Wounded Knee
In the book Wounded Knee: Party Politics and the Road to an American Massacre, author Heather Cox Richardson explores the tragedy of the massacre at Wounded Knee. Besides the incident itself where some 300 members of the Sioux nation were murdered by American military troops, Richardson examines the political power behind the decision to use military force to force westward expansion of white Americans. She argues that it is the actions of these men who worked behind desks and closed doors who are responsible for what happened at Wounded Knee.
The author of the book is a history professor at the University of Massachusetts at Amherst. Besides the book Wounded Knee: Party Politics and the Road to an American Massacre, she has written about other aspects of American history. Her works include West from Appomattox, The Greatest Nation of the Earth, and The Death of Reconstruction. From these texts it is clear that she is heavily interested in the antebellum and post-Civil War periods from American history.
For her sources, Richardson uses both primary and secondary texts. She cites newspapers and other documents from the period in which the massacre took place which adds heavily to her authenticity and her viability. Other sources include interviews with Native Americans and texts written by other history scholars.
Scholars have been primarily supportive of Richardson's book.
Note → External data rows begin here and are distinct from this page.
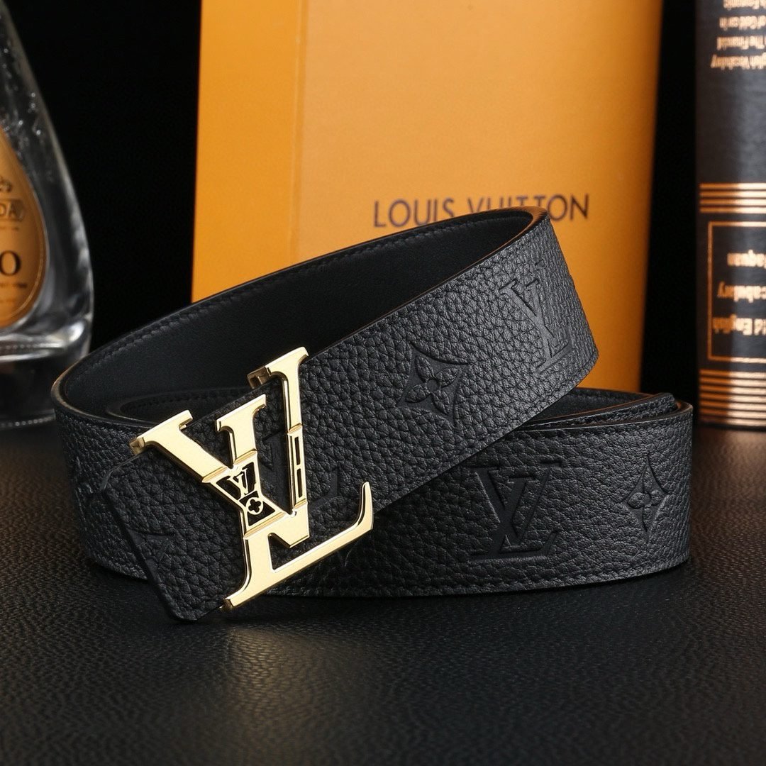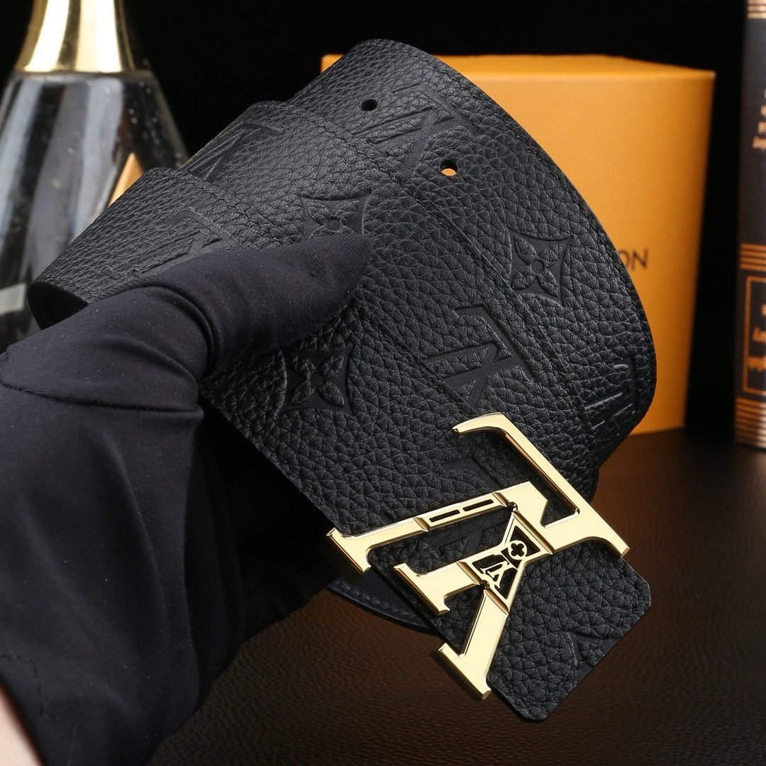Louis Vuitton’s V-buckle black textured belt perfectly blends elegance and luxury. Selected high-quality leather material, finely polished and treated with unique techniques, showing unique texture and luster, soft and delicate touch, highlighting extraordinary texture. The belt buckle head is made of high-grade metal material and is exquisitely inlaid with Louis Vuitton’s iconic “LV” letters. The golden luster shines brightly, showing the wearer’s noble taste and unique personality.
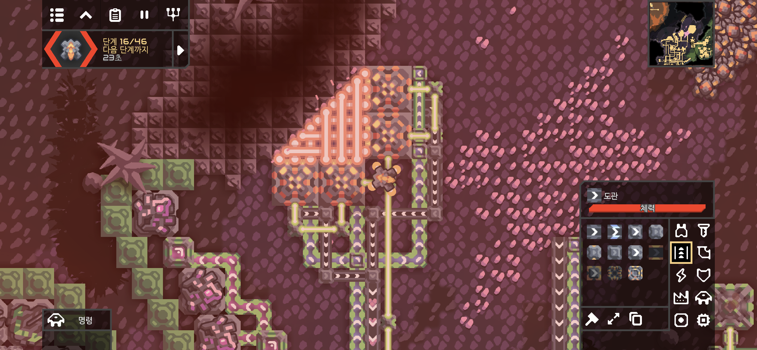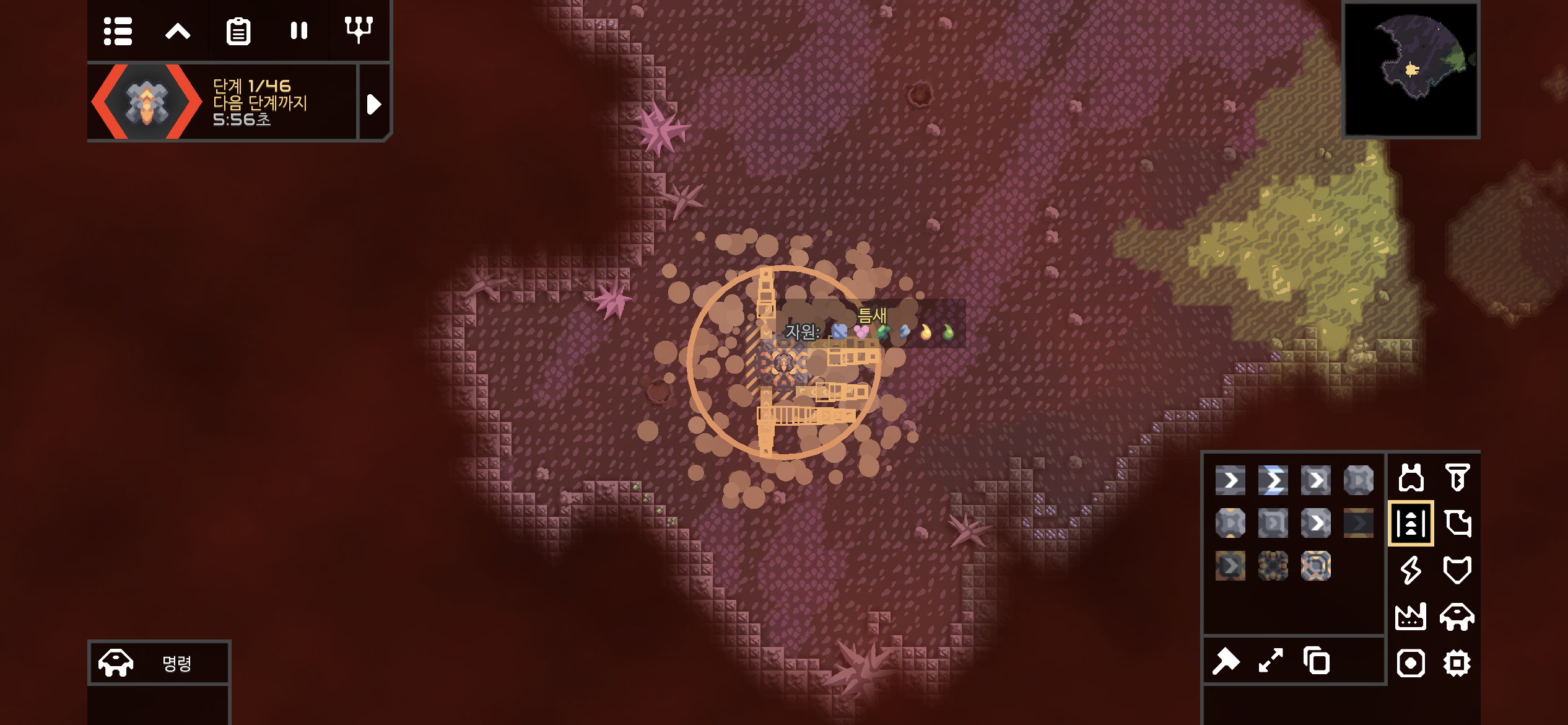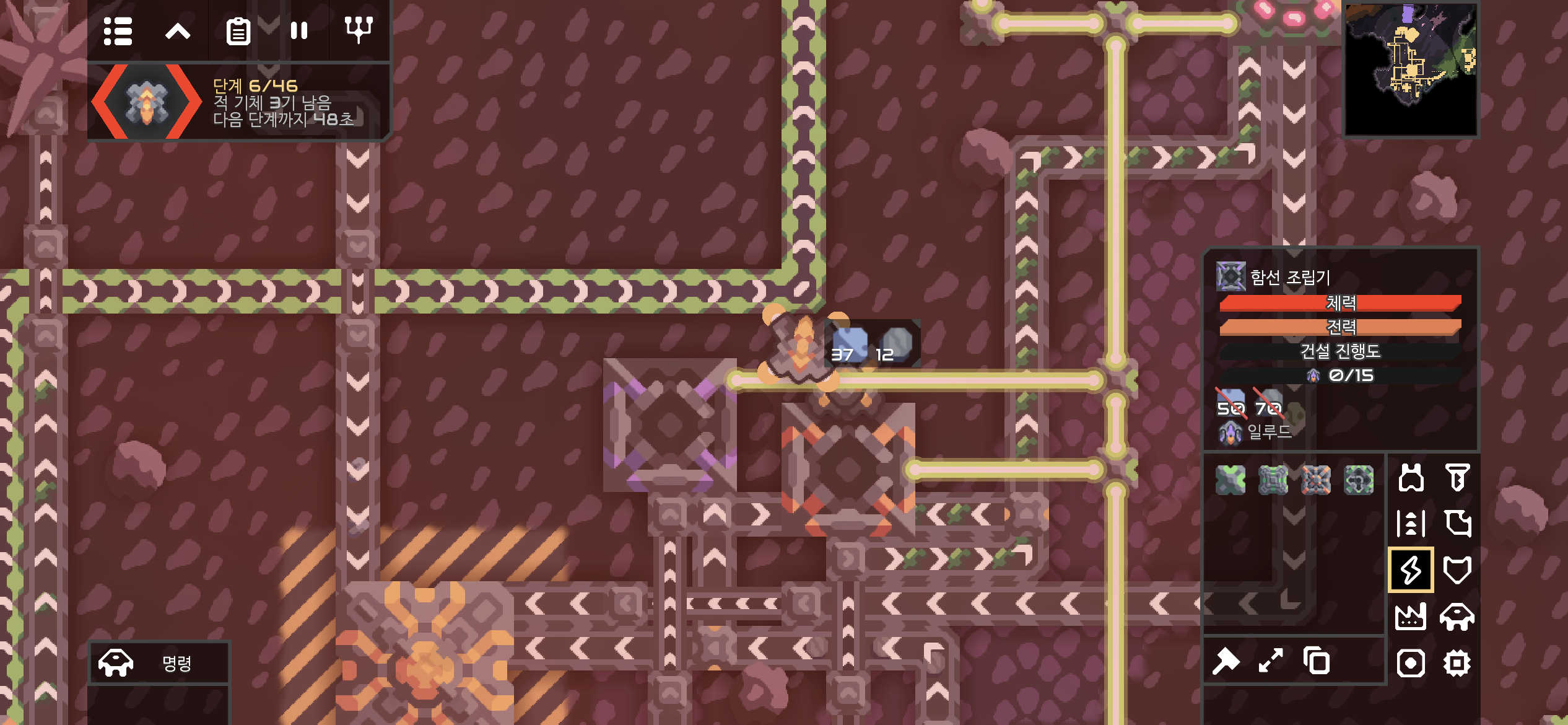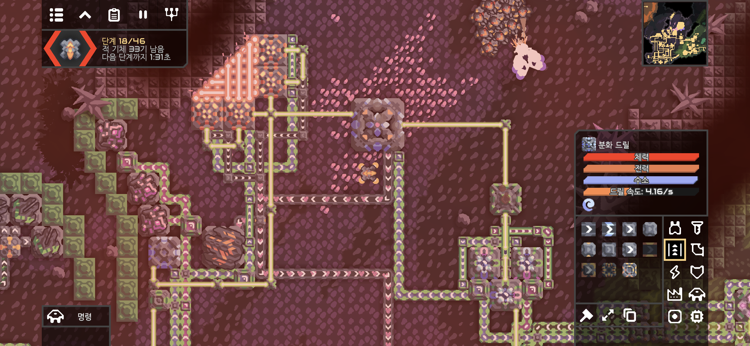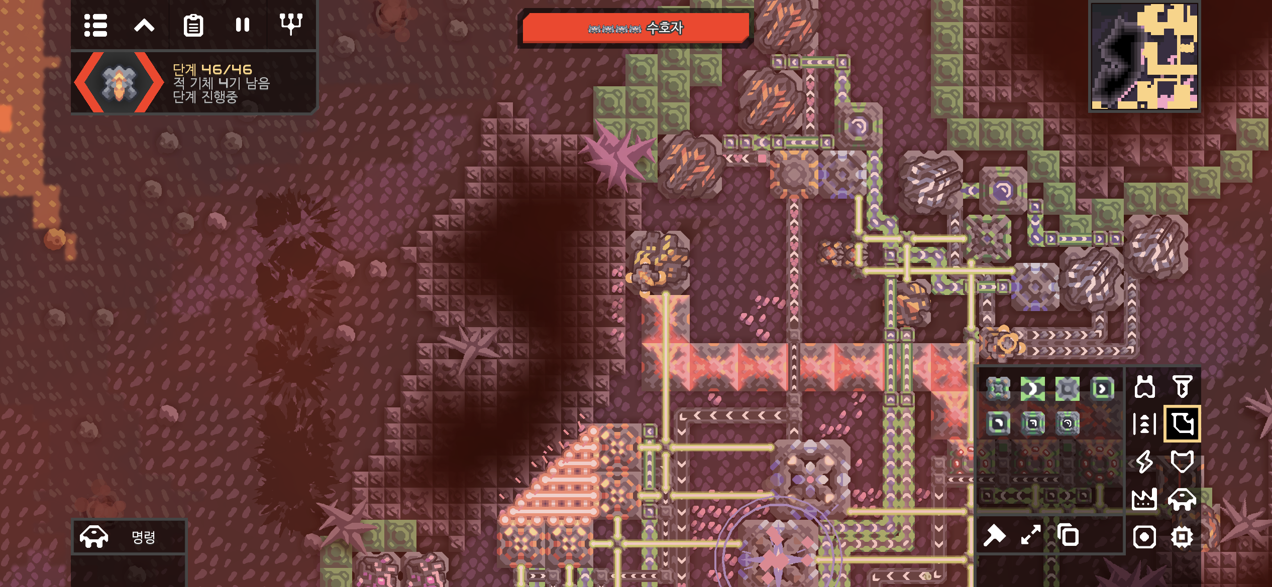 매 단계 공격해오는 적이 점점 강해지다가 코어가 파괴될 뻔하기도 합니다. 미리 생산해둔 스텔 덕에 코어가 파괴되지는 않았습니다.
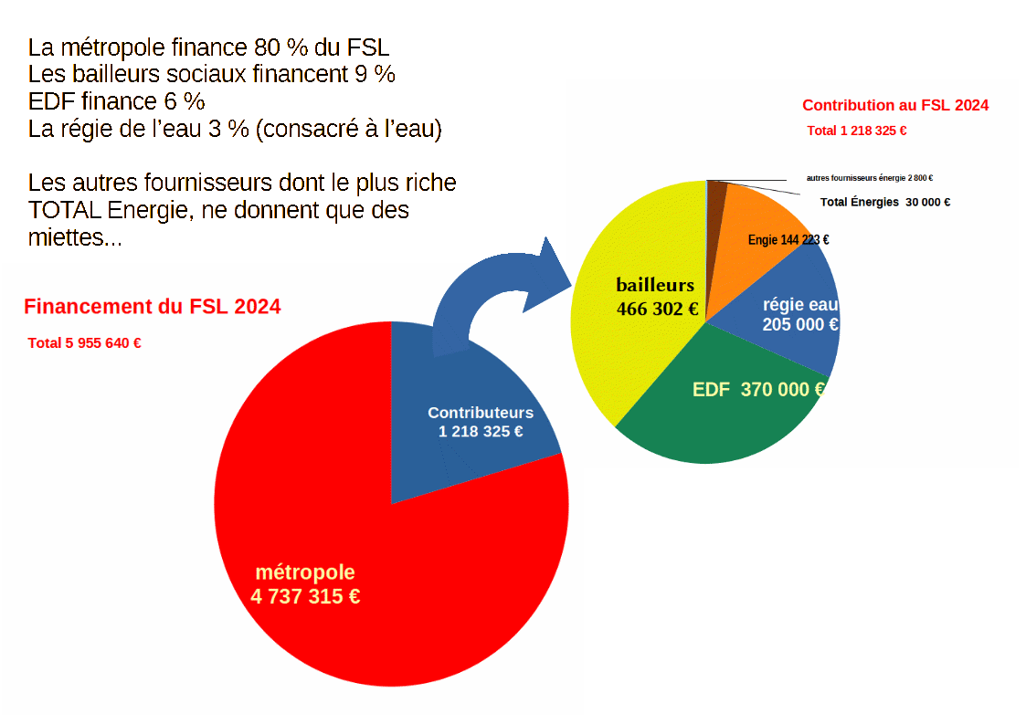 Ce FSL a plusieurs parties, l’eau, l’aide au maintien dans le logement (aides au paiement des loyers) et des aides à l’accès au logement. La métropole finance 80 % du FSL, les bailleurs sociaux financent 9 %, EDF en finance 6 %, la régie de l’eau finance 3 % qui sont consacrés à l’eau, et les autres fournisseurs dont le plus riche TOTAL Energie, ne donnent que des miettes… !
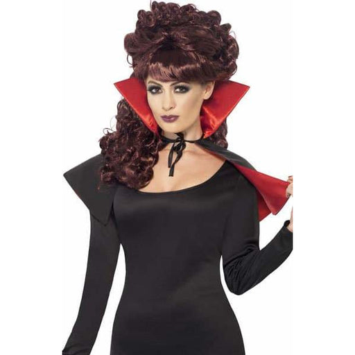 Ladies Red And Black Mini Vampire Halloween Cape With High Collar.
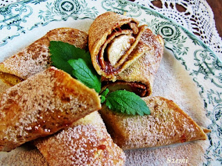 A kimaradt palacsintákat megtölthetjük közben édes töltelékkel, nekem most hagyományos, üstben főzött, cukormentes szilvalekvár került bele.

However, some sources, such as The Library Journal are negative in their reviews. This review in particular was not positive, stating that Richardson's connections are tenuous and that she neglects the fact that Native Americans were being massacred since the first European explorers set food in the New World. Her thesis is that the political powers of the period were responsible for the massacre, which is certainly true. However, her attitude is that this is a unique situation and that Harrison's administration was more evil than men who came before him, when this is not the case.
The major strength of the book is Richardson's apparent passion for the topic on which she writes. Richardson believes that the plight of the Native Americans and genocide of the nations and various tribes is one of the most disturbing aspects of American history and that not nearly enough attention has been given to these events. She places these murders on the same plane of evil as slavery. Although the horror of the war against native tribes has been given attention in recent decades, it is still not viewed with the same level of disgust as slavery. Through books like Richardson's, these atrocities can be given their proper weight and attention in the hopes that they never be committed again.